People buy gold as a hedge against scary things. Now that the two big scary things from 2020 are falling away, gold will struggle from here. Of course, I could be wrong. And I have an open mind.
So I decided to check out what the experts think. Who better than the money managers at Sprott SII, -0.60% ? They have an impressive $16 billion under management in their Sprott Gold Equity Fund SGDLX, -2.09%, Sprott Physical Gold and Silver Trust CEF, -0.39% and Sprott Gold Miners Exchange Traded Fund SGDM, -2.59%, among other products. While they have an obvious incentive to present the best case possible, they also have expertise to back it up.
So I recently listened in on their year-end gold outlook. I go through the details of their case below, but here’s the bottom line. Their arguments for gold seem mostly borderline. Their case for gold stocks makes a little more sense. And I like their take that the precious metals that enjoy both industrial and “green” demand: Silver, palladium and platinum look pretty interesting here.
Bull case No. 1: Gold is money and a store of value
Buy gold for this purpose, says Edward Coyne, managing director for global sales at Sprott Asset Management. Others will also buy for the same reason, pushing the price up for you.
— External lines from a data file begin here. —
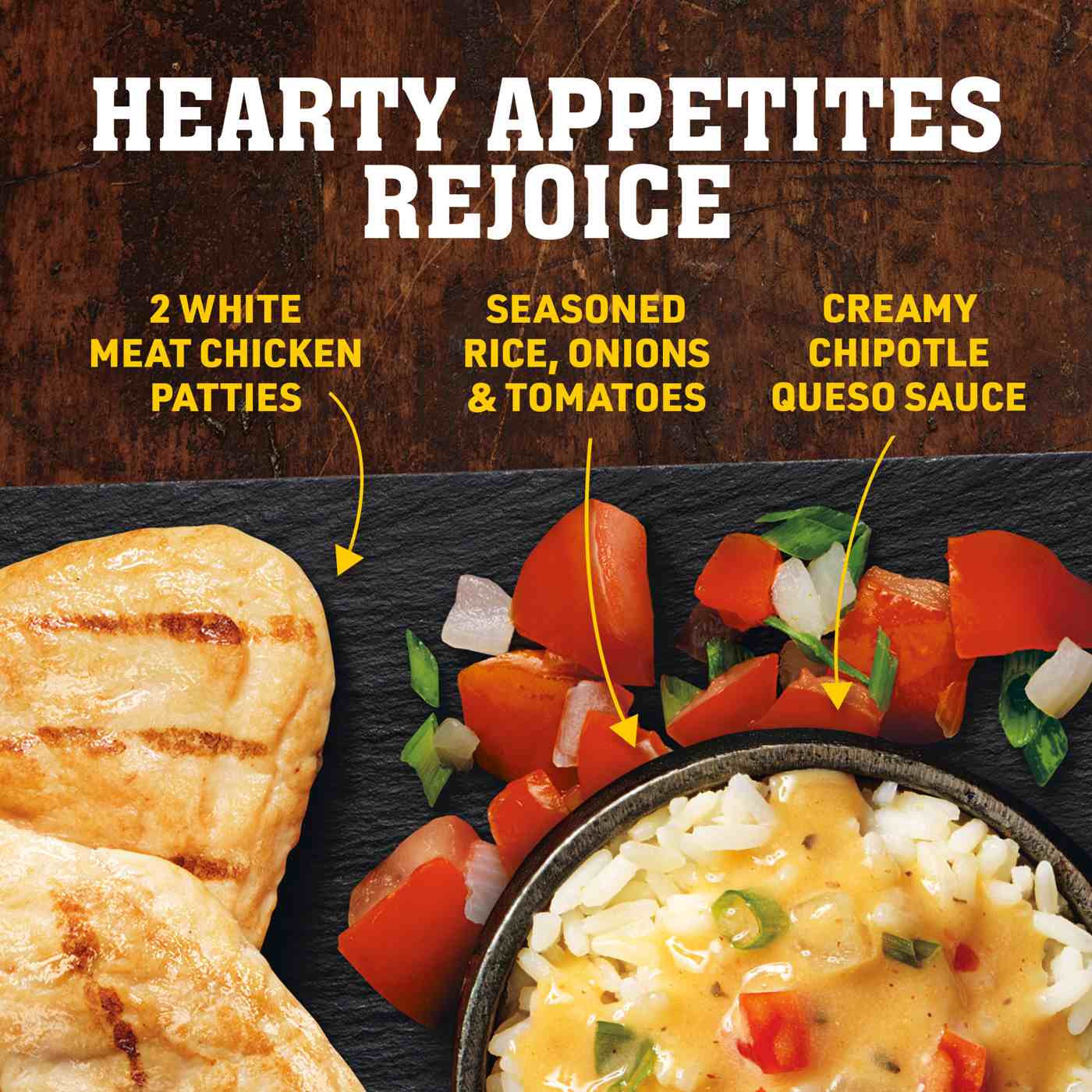 -Satisfy your cravings with two boneless white meat chicken patties, creamy chipotle queso sauce and seasoned rice with onions and tomatoes
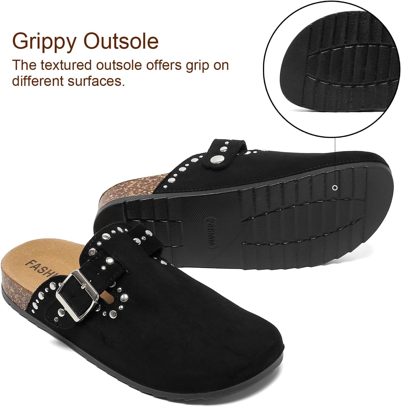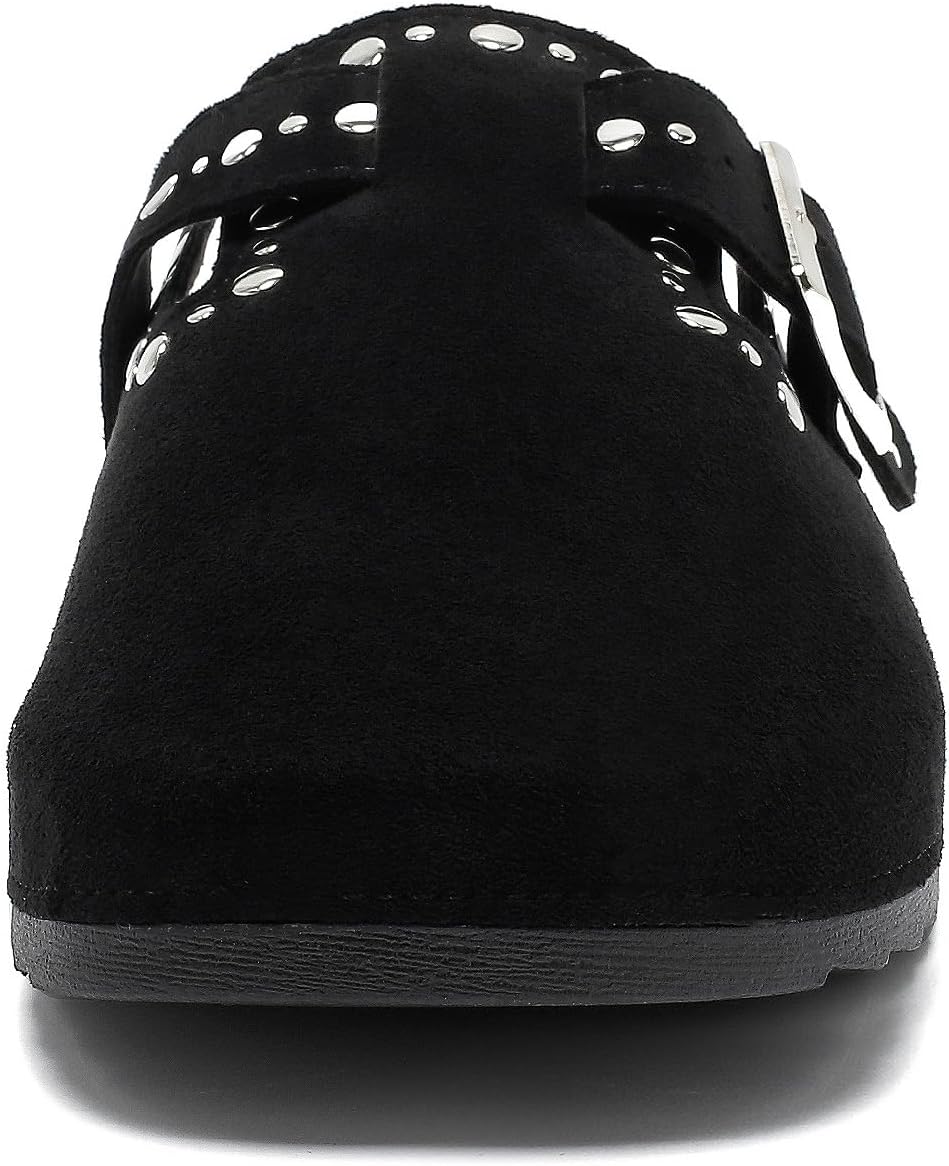 YorFotMae Womens Suede Clogs Mens Leather Slip On Mules Comfortable Adjustable Buckle Arch Support Slippers Cork Footbed Studded Potato Shoes
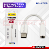 Rp 40.000Merk : Wellcomm Model : Type C to Audio Jack Plug : 3.5mm Kompatibel for : Android Warna : Putih
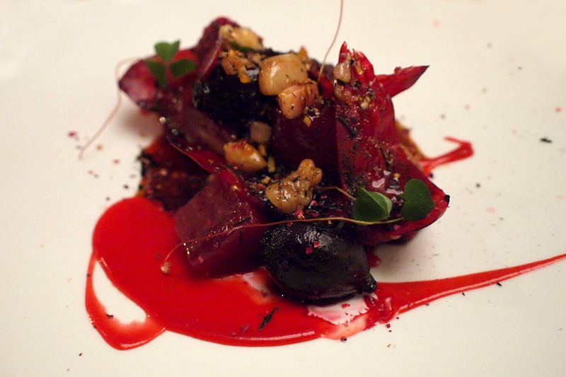 A co náš hlavní chod — autonehoda na talíři? Ani náhodou! V husím sádle konfitované hovězí (nejde ani vidět) a červená řepa na tři způsoby! Vše provoněné a promazané uzeným morkem a popelem ze sena. O kyselost na vyrovnání se postaral šípkový ocet.
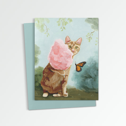Ginger Cat w/ Cotton Candy Notecard (Blank Inside)

This one is easy to dispense with.
If you bought gold at $850 in January 1980, you were down 70% by August 1999 when gold traded at $255. What’s more, the S&P 500 index SPX, -0.44% advanced more than 1,100% during the same time, so the opportunity cost was eye-watering. If that’s your idea of a store of value, then you might as well overpay for Furbies on eBay to “store” your wealth.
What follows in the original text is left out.